Whilst “in the throes of grief”, the young woman, from Stockton, had been interviewed by police and was under police investigation for three years before being charged. Mr Lumley said it was “beyond regrettable” that she had suffered so extensively.

In December last year, Sophie Harvey, 25, and her boyfriend Elliot Benham were given community orders after prosecutors accepted she did not illegally abort their baby. Meanwhile another woman, whose identity was protected, had her case dropped, with a judge saying he was “flabbergasted” to see it in court.

Then there are the women whose names didn’t make headlines, including a teenager who was arrested in front of her neighbours after having a late miscarriage, the Guardian reports, and cases of women who have been denied contact with their children whilst being investigated.

Some women and girls who have had terminated pregnancies past the legal cut-off have been vulnerable, including victims of domestic violence. A BPAS spokesperson told The Guardian: “We’re aware of cases where the woman has been investigated, or even imprisoned, and nothing has happened to her abusive partner.”
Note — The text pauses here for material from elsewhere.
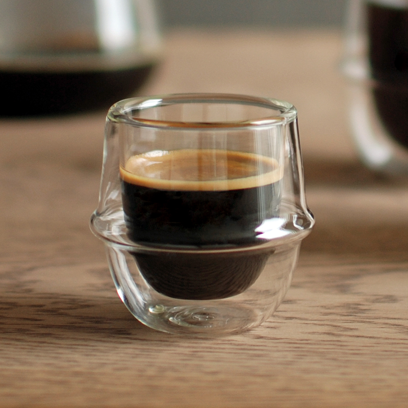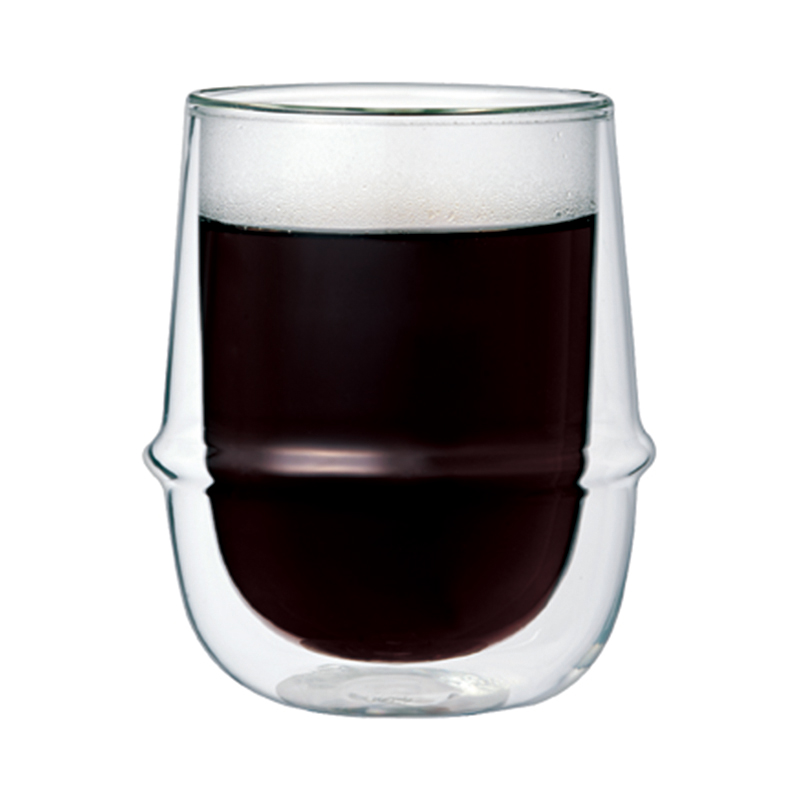 耐熱ガラスの二重構造で注いだものが宙に浮かんだように見えるKRONOSは、土星の輪を思わせるリングは心地よいグリップ感をもたらし、カップの内側はドリンクを飲み干しやすい角度に設計されています。

The harrowing case of Ms Packer put England and Wales’ current abortion laws back into the spotlight, with the trial demonstrating “just how outdated and harmful” current abortion law was, according to the Royal College of Obstetricians and Gynaecologists. Dr Ranee Thakar, the college’s president, said: “As a doctor, I am acutely aware of how vital it is that women can access essential healthcare in a safe and supportive environment.

“Restrictive abortion laws in England and Wales nurture an environment of fear, stigmatisation and criminalisation. Abortion reform is urgently needed, and now is the time for change.”
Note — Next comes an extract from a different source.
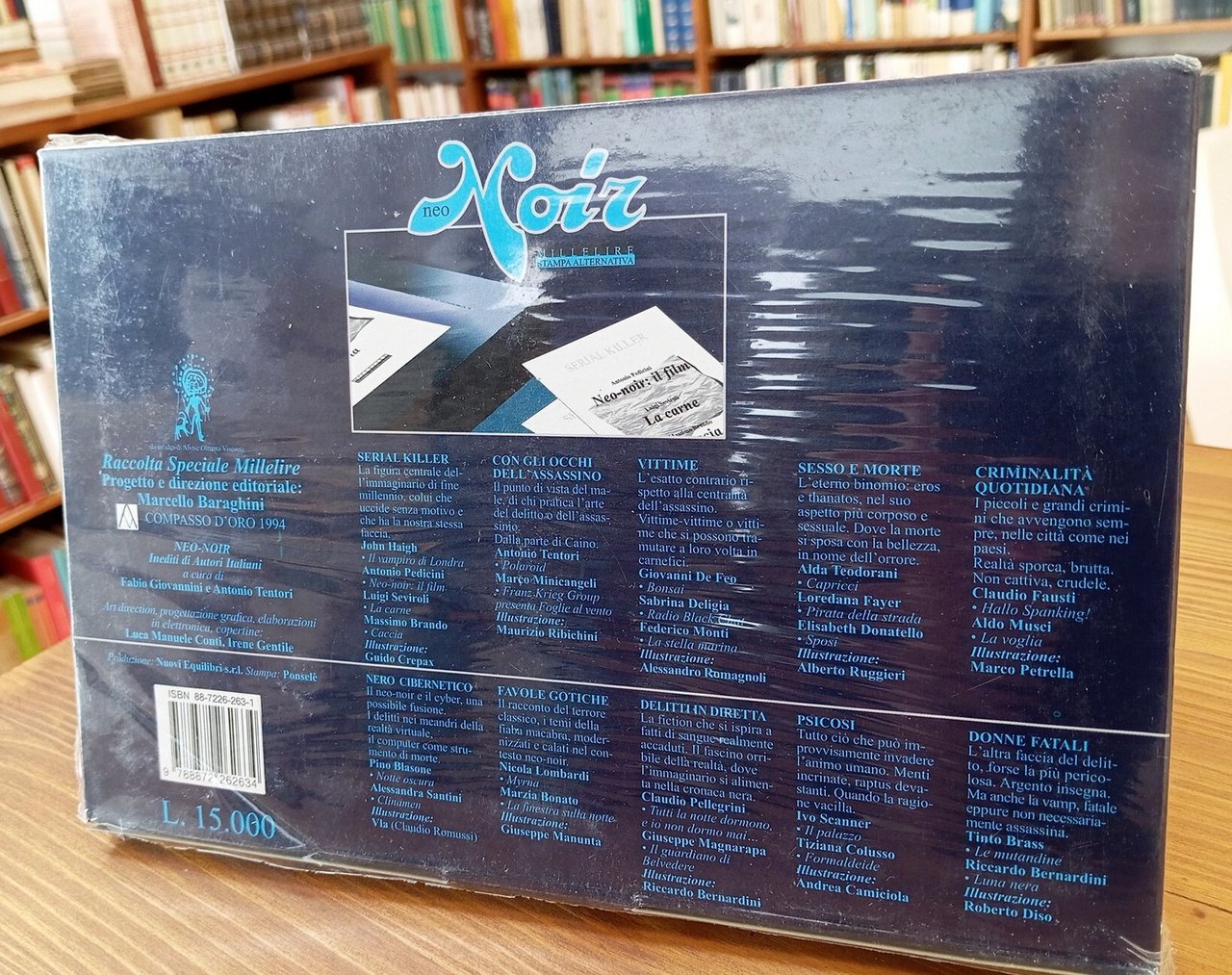Raccolta Speciale Millelire; inediti di autori italiani - Custodia editoriale contenente 10 libricini della collana "Millelire". La confezione imita lo storico packaging dei Baci Perugina disegnato da Federico Seneca. Copia in stato di nuovo, ancora nel suo cellophane editoriale; non comune -- Dettaglio dei contenuti. SERIAL KILLER : la figura centrale dell'immaginario di fine millennio, colui che uccide senza motivo e che ha la nostra stessa faccia. Testi di: John Haigh, Antonio Pedicini, Luigi Seviroli, Massimo Brando. Illustrazione di Guido Crepax -- CON GLI OCCHI DELL'ASSASSINO : il punto di vista del male, di chi pratica l'arte del delitto o dell'assassinio. Testi di: Antonio Tentori, Marco Minicangeli. Illustrazione di Maurizio Ribichini -- VITTIME : l'esatto contrario rispetto alla centralità dell'assassino. Vittime-vittime o vittime che si possono tramutare a loro volta in carnefici. Testi di : Giovanni De Feo, Sabrina Deligia, Federico Monti. Illustrazione di Alessandro Romagnoli -- SESSO E MORTE : l'eterno binomio: eros e Thanatos, nel suo aspetto più corposo e sessuale. Dove la morte si sposa con la bellezza, in nome dell'orrore. Testi di : Alda Teodorani, Loredana Fayer, Elisabeth Donatello. Illustrazione di Alberto Ruggieri -- CRIMINALITA' QUOTIDIANA : I piccoli e grandi crimini che avvengono sempre, nelle città come nei paesi. Realtà sporca, brutta. Non cattiva, crudele. Testi di : Claudio Fausti, Aldo Musci. Illustrazione di Marco Petrella -- NERO CIBERNETICO : il neo-noir e il cyber, una possibile fusione. I delitti nei meandri della realtà virtuale. Il computer come strumento di morte. Testi di : Pino Blasone, Alessandra Santini. Illustrazione di Vla (Claudio Romussi) -- FAVOLE GOTICHE : il racconto del terrore classico, i temi della fiaba macabra, modernizzati e calati nel contesto neo-noir. Testi di: Nicola Lombardi, Marzia Bonato. Illustrazione di Giuseppe Manunta -- DELITTI IN DIRETTA : la fiction che si ispira a fatti di sangue realmente accaduti. Il fascino orribile della realtà, dove l'immaginario si alimenta nella cronaca nera. Testi di : Claudio Pellegrini, Giuseppe Magnarapa. Illustrazione di Riccardo Bernardini -- PSICOSI : tutto ciò che può improvvisamente invadere l'animo umano. Menti incrinate, raptus devastanti. Quando la ragione vacilla. Testi di : Ivo Scanner, Tiziana Colusso. Illustrazione di Andrea Camiciola -- DONNE FATALI : l'altra faccia del delitto, forse la più pericolosa. Argento insegna. Ma anche la vamp, fatale eppure non necessariamente assassina. Testi di : Tinto Brass, Riccardo Bernardini. Illustrazione di Roberto Diso.

Two Labour MPs, Tonia Antoniazzi and Stella Creasy, tabled rival amendments to the Crime and Policing Bill. The aim was to prevent women from being investigated, prosecuted, or imprisoned for terminating their own pregnancies.

Ms Antoniazzi has argued that the probes are “dehumanising and prolonged and the women forced to endure them are often extraordinarily vulnerable”. She added: “The reality is that no woman wakes up 24 weeks pregnant or more and suddenly decides to end their own pregnancy outside a hospital or clinic.

“But some women, in desperate circumstances, make choices that many of us would struggle to understand. What they need is compassion and care, not the threat of criminal prosecution.” Meanwhile, Ms Creasy’s rival amendment would position abortion access as a human right.